INPUT DATA:
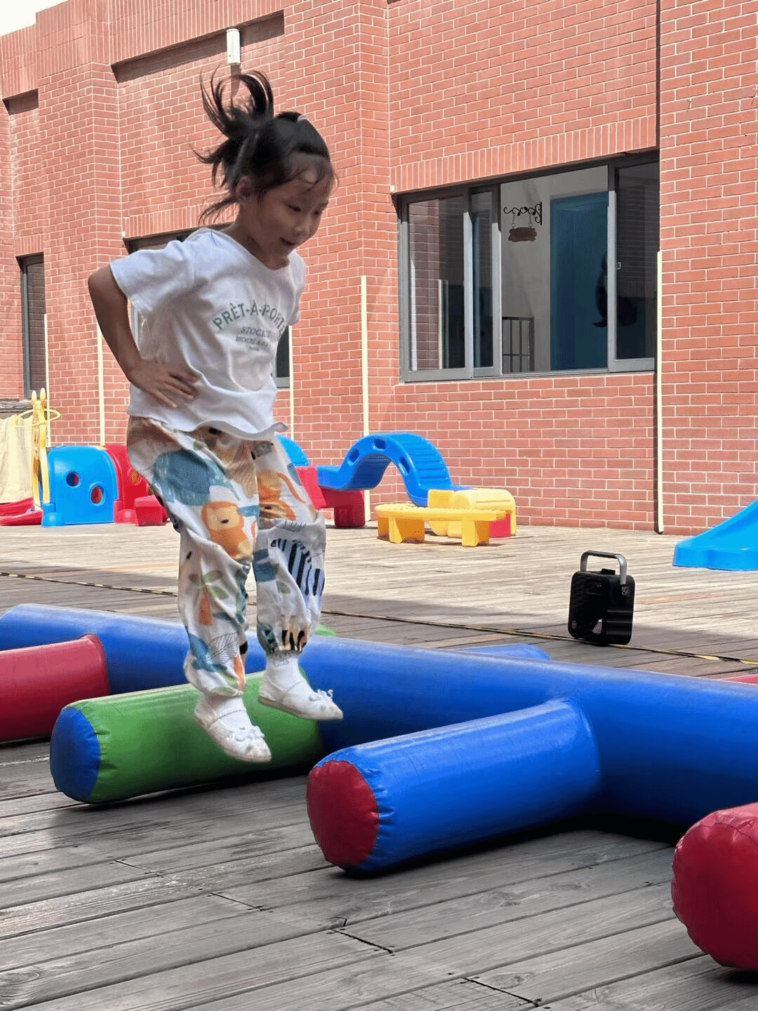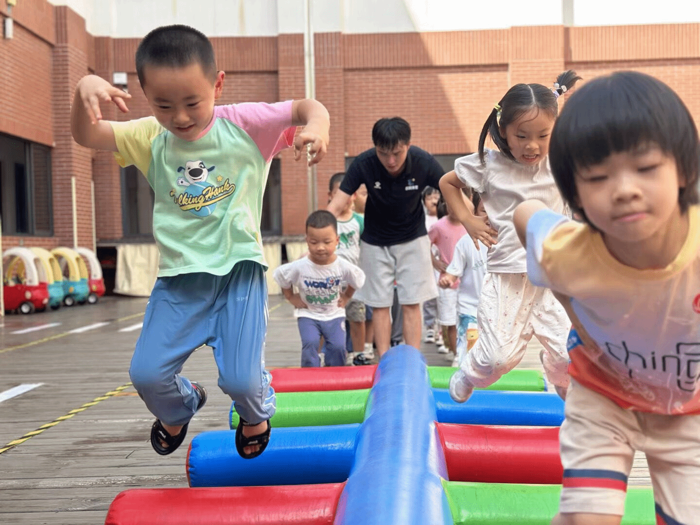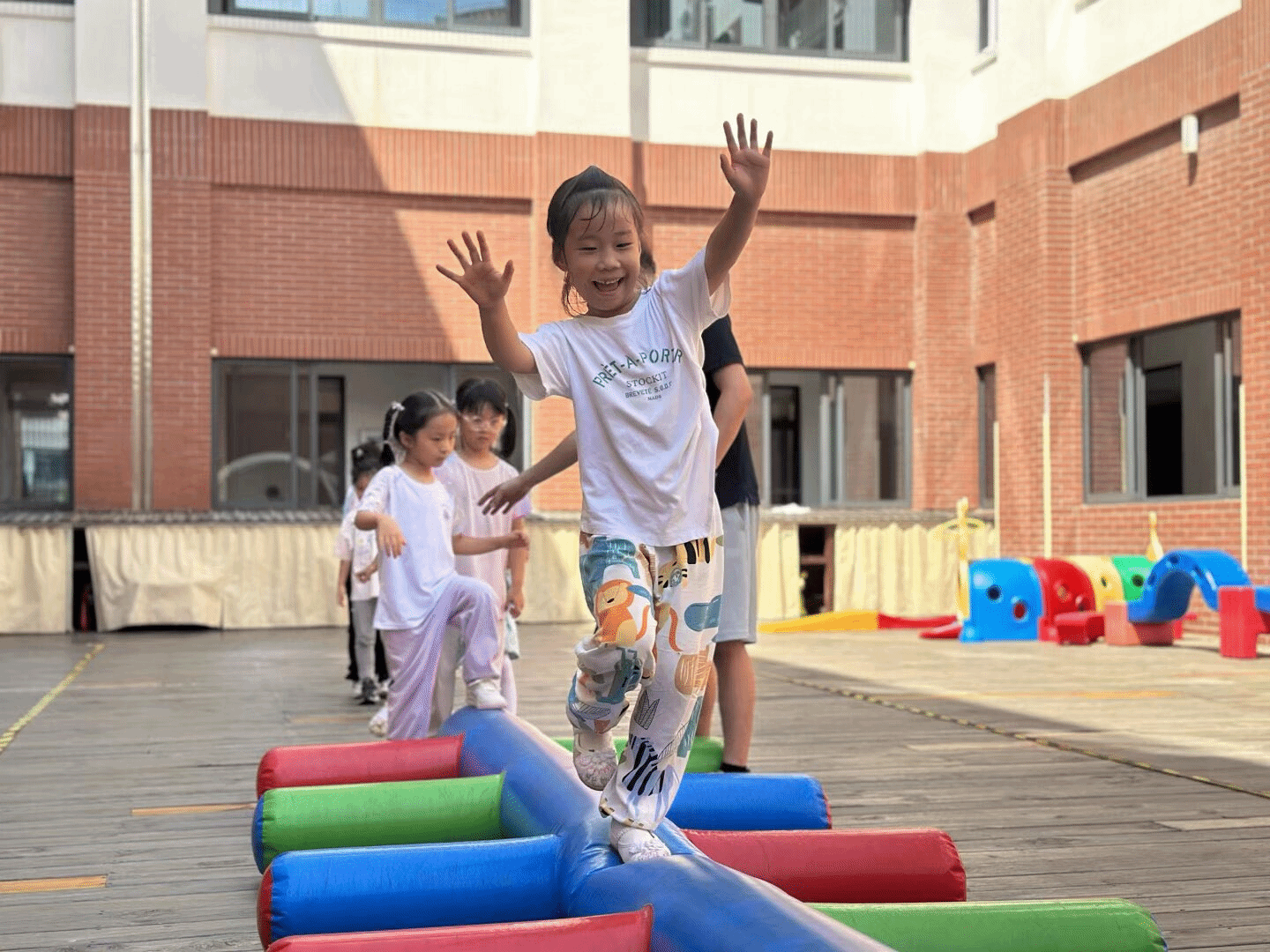 这一次孩子们化身“小探险家”,在彩色平衡木上稳步前行。他们张开手臂保持平衡,身后的同伴们跃跃欲试。这看似简单的游戏,实则锻炼了孩子们的平衡感与专注力,在欢乐中悄悄提升着各项能力。
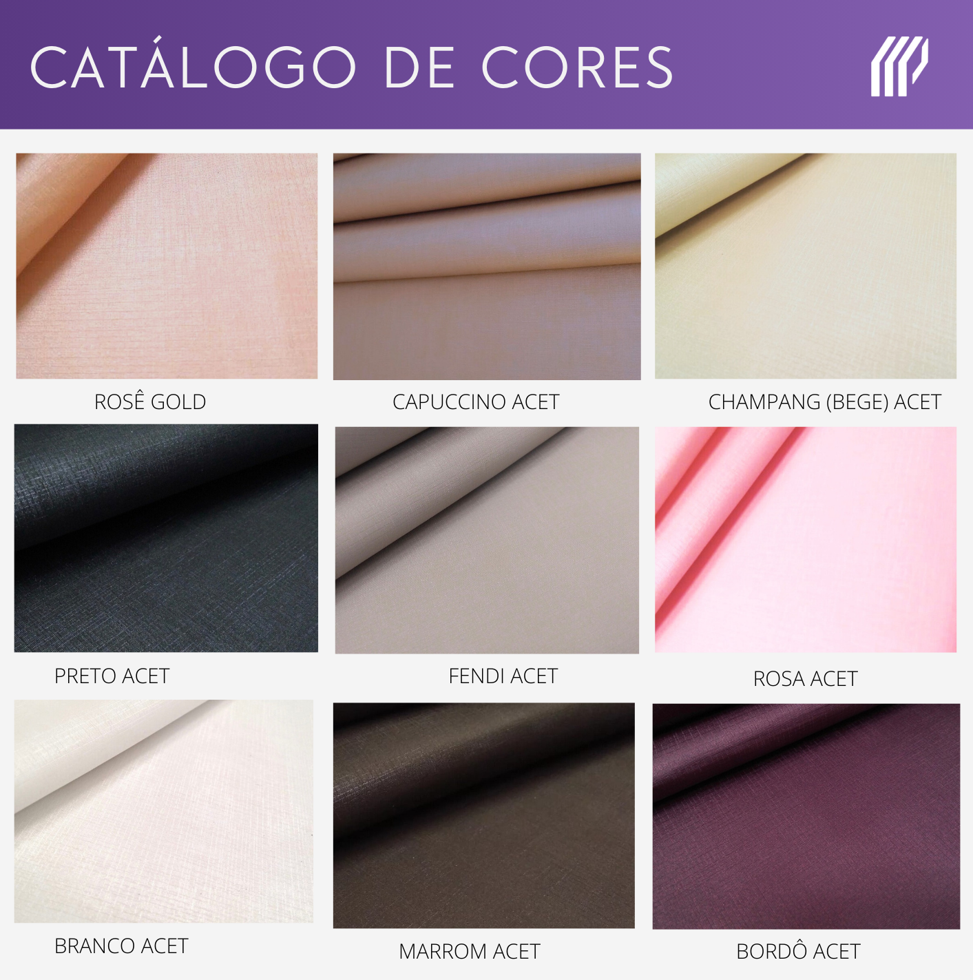 Bordô Acetinado, Branco Acetinado, Capuccino Acetinado, Champang Acetinado (Bege), Fendi Acetinado, Marrom Acetinado, Preto Acetinado, Rosa Bebê Acetinado, Rosê Gold
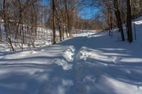 A straight road cuts through a snowy area in rural Ontario, Canada. The snow-covered trees and snowbanks on the far side of the image create a serene winter landscape. The clear sky overhead indicates a beautiful day in Toronto. This scenic road is perfect for winter drives and exploration.
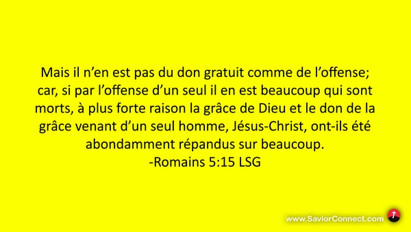Mais il n'en est pas du don gratuit comme de l'offense; car, si par l'offense d'un seul il en est beaucoup qui sont morts, à plus forte raison la grâce de Dieu et le don de la grâce venant d'un seul homme, Jésus-Christ, ont-ils été abondamment répandus sur beaucoup. -Romains 5:15 LSG
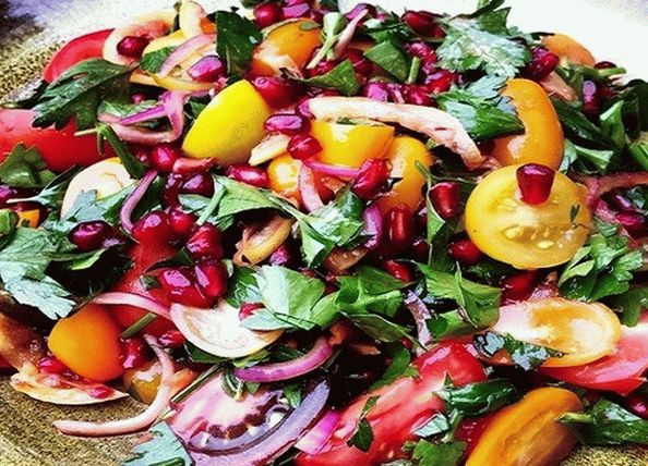 Na svečanom stolu obično je puno mesnih jela koja mogu upotpunite ovu ukusnu salatu sa šipakom i cherry rajčicama. On je instant, lagan i vrlo ukusan, priprema se jednostavno i brzo kod kuće neposredno prije dolaska gostiju. Salati daje pikantan okus preljev koji pravimo na osnovu limunovog soka.
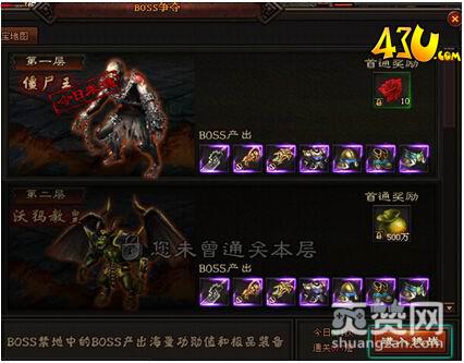 严格来说,BOSS禁地是专为来不及抢夺BOSS的玩家设计的打宝地图,使用禁地令牌即可进入挑战。在这里,BOSS产出同野图BOSS,但难度大大降低,乃是散人玩家福音之地。
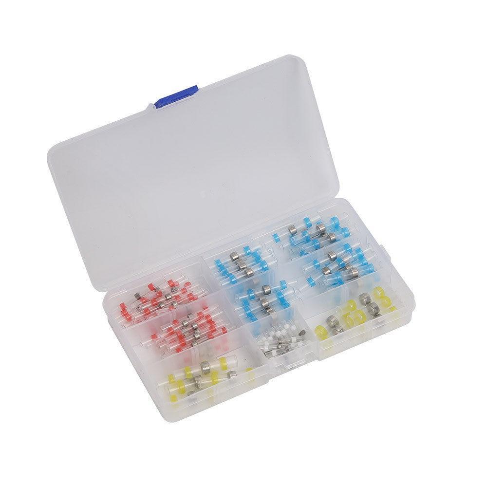 Deze uitgebreide set bevat in totaal 120 soldeerhulzen, zorgvuldig geselecteerd om aan al je behoeften te voldoen. Je ontvangt 40 blauwe soldeerhulzen, perfect voor standaard toepassingen; 40 rode soldeerhulzen, ideaal voor verbindingen die extra bescherming vereisen; 10 gele soldeerhulzen, die een opvallende en duidelijke kleur bieden voor specifieke identificatie; en 30 witte soldeerhulzen, die veelzijdig inzetbaar zijn voor diverse soldeerwerkzaamheden.
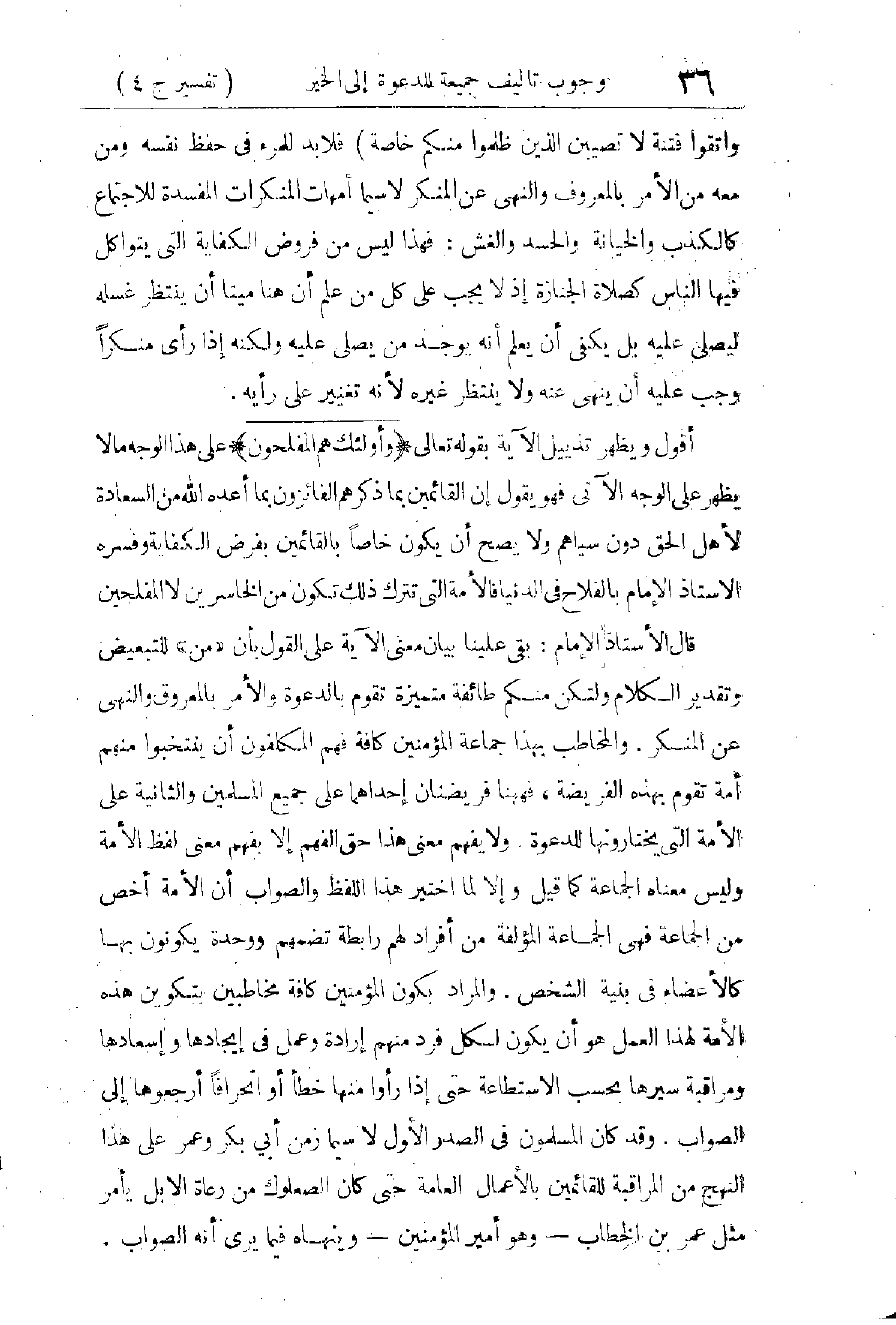 وَالْأُصُولِ لِأَجْلِ فَهْمِ الدِّينِ دَلِيلًا عَلَى وُجُوبِ تَعَلُّمِ طُرُقِ الدَّعْوَةِ وَمَا تَحْتَاجُ إِلَيْهِ فِي هَذَا الزَّمَانِ بِطَرِيقَةٍ صِنَاعِيَّةٍ، فَإِذَا كَانَتِ الدَّعْوَةُ فِي الصَّدْرِ الْأَوَّلِ قَدْ تَيَسَّرَتْ بِغَيْرِ تَعْلِيمٍ صِنَاعِيٍّ وَلَا تَأْلِيفِ جَمْعِيَّةٍ مُعَيَّنَةٍ كَمَا كَانَ فَهْمُ الدِّينِ مُتَيَسِّرًا بِغَيْرِ تَعَلُّمٍ صِنَاعِيٍّ فَفِي هَذَا الزَّمَانِ يَتَوَقَّفُ فَهْمُ الدِّينِ عَلَى التَّعْلِيمِ الصِّنَاعِيِّ، وَتَتَوَقَّفُ الدَّعْوَةُ إِلَيْهِ وَالْأَمْرُ بِمَا جَاءَ بِهِ مِنَ الْمَعْرُوفِ وَمَا حَظَرَهُ مِنَ الْمُنْكَرِ عَلَى تَعْلِيمٍ خَاصٍّ وَتَأْلِيفِ جَمْعِيَّاتٍ خَاصَّةٍ تَقُومُ بِهَذَا الْعَمَلِ، وَلَا يَنْتَشِرُ الدِّينُ وَلَا يُحْفَظُ عَلَى وَجْهِهِ إِلَّا بِهَذَا كَمَا تَقَدَّمَ

WORK REQUIRED:
Each record above must be set down again unchanged, with its pictures left out.

SOLUTION TO THIS PROBLEM:
 这一次孩子们化身“小探险家”,在彩色平衡木上稳步前行。他们张开手臂保持平衡,身后的同伴们跃跃欲试。这看似简单的游戏,实则锻炼了孩子们的平衡感与专注力,在欢乐中悄悄提升着各项能力。
 Bordô Acetinado, Branco Acetinado, Capuccino Acetinado, Champang Acetinado (Bege), Fendi Acetinado, Marrom Acetinado, Preto Acetinado, Rosa Bebê Acetinado, Rosê Gold
 A straight road cuts through a snowy area in rural Ontario, Canada. The snow-covered trees and snowbanks on the far side of the image create a serene winter landscape. The clear sky overhead indicates a beautiful day in Toronto. This scenic road is perfect for winter drives and exploration.
Mais il n'en est pas du don gratuit comme de l'offense; car, si par l'offense d'un seul il en est beaucoup qui sont morts, à plus forte raison la grâce de Dieu et le don de la grâce venant d'un seul homme, Jésus-Christ, ont-ils été abondamment répandus sur beaucoup. -Romains 5:15 LSG
 Na svečanom stolu obično je puno mesnih jela koja mogu upotpunite ovu ukusnu salatu sa šipakom i cherry rajčicama. On je instant, lagan i vrlo ukusan, priprema se jednostavno i brzo kod kuće neposredno prije dolaska gostiju. Salati daje pikantan okus preljev koji pravimo na osnovu limunovog soka.
 严格来说,BOSS禁地是专为来不及抢夺BOSS的玩家设计的打宝地图,使用禁地令牌即可进入挑战。在这里,BOSS产出同野图BOSS,但难度大大降低,乃是散人玩家福音之地。
 Deze uitgebreide set bevat in totaal 120 soldeerhulzen, zorgvuldig geselecteerd om aan al je behoeften te voldoen. Je ontvangt 40 blauwe soldeerhulzen, perfect voor standaard toepassingen; 40 rode soldeerhulzen, ideaal voor verbindingen die extra bescherming vereisen; 10 gele soldeerhulzen, die een opvallende en duidelijke kleur bieden voor specifieke identificatie; en 30 witte soldeerhulzen, die veelzijdig inzetbaar zijn voor diverse soldeerwerkzaamheden.
 وَالْأُصُولِ لِأَجْلِ فَهْمِ الدِّينِ دَلِيلًا عَلَى وُجُوبِ تَعَلُّمِ طُرُقِ الدَّعْوَةِ وَمَا تَحْتَاجُ إِلَيْهِ فِي هَذَا الزَّمَانِ بِطَرِيقَةٍ صِنَاعِيَّةٍ، فَإِذَا كَانَتِ الدَّعْوَةُ فِي الصَّدْرِ الْأَوَّلِ قَدْ تَيَسَّرَتْ بِغَيْرِ تَعْلِيمٍ صِنَاعِيٍّ وَلَا تَأْلِيفِ جَمْعِيَّةٍ مُعَيَّنَةٍ كَمَا كَانَ فَهْمُ الدِّينِ مُتَيَسِّرًا بِغَيْرِ تَعَلُّمٍ صِنَاعِيٍّ فَفِي هَذَا الزَّمَانِ يَتَوَقَّفُ فَهْمُ الدِّينِ عَلَى التَّعْلِيمِ الصِّنَاعِيِّ، وَتَتَوَقَّفُ الدَّعْوَةُ إِلَيْهِ وَالْأَمْرُ بِمَا جَاءَ بِهِ مِنَ الْمَعْرُوفِ وَمَا حَظَرَهُ مِنَ الْمُنْكَرِ عَلَى تَعْلِيمٍ خَاصٍّ وَتَأْلِيفِ جَمْعِيَّاتٍ خَاصَّةٍ تَقُومُ بِهَذَا الْعَمَلِ، وَلَا يَنْتَشِرُ الدِّينُ وَلَا يُحْفَظُ عَلَى وَجْهِهِ إِلَّا بِهَذَا كَمَا تَقَدَّمَ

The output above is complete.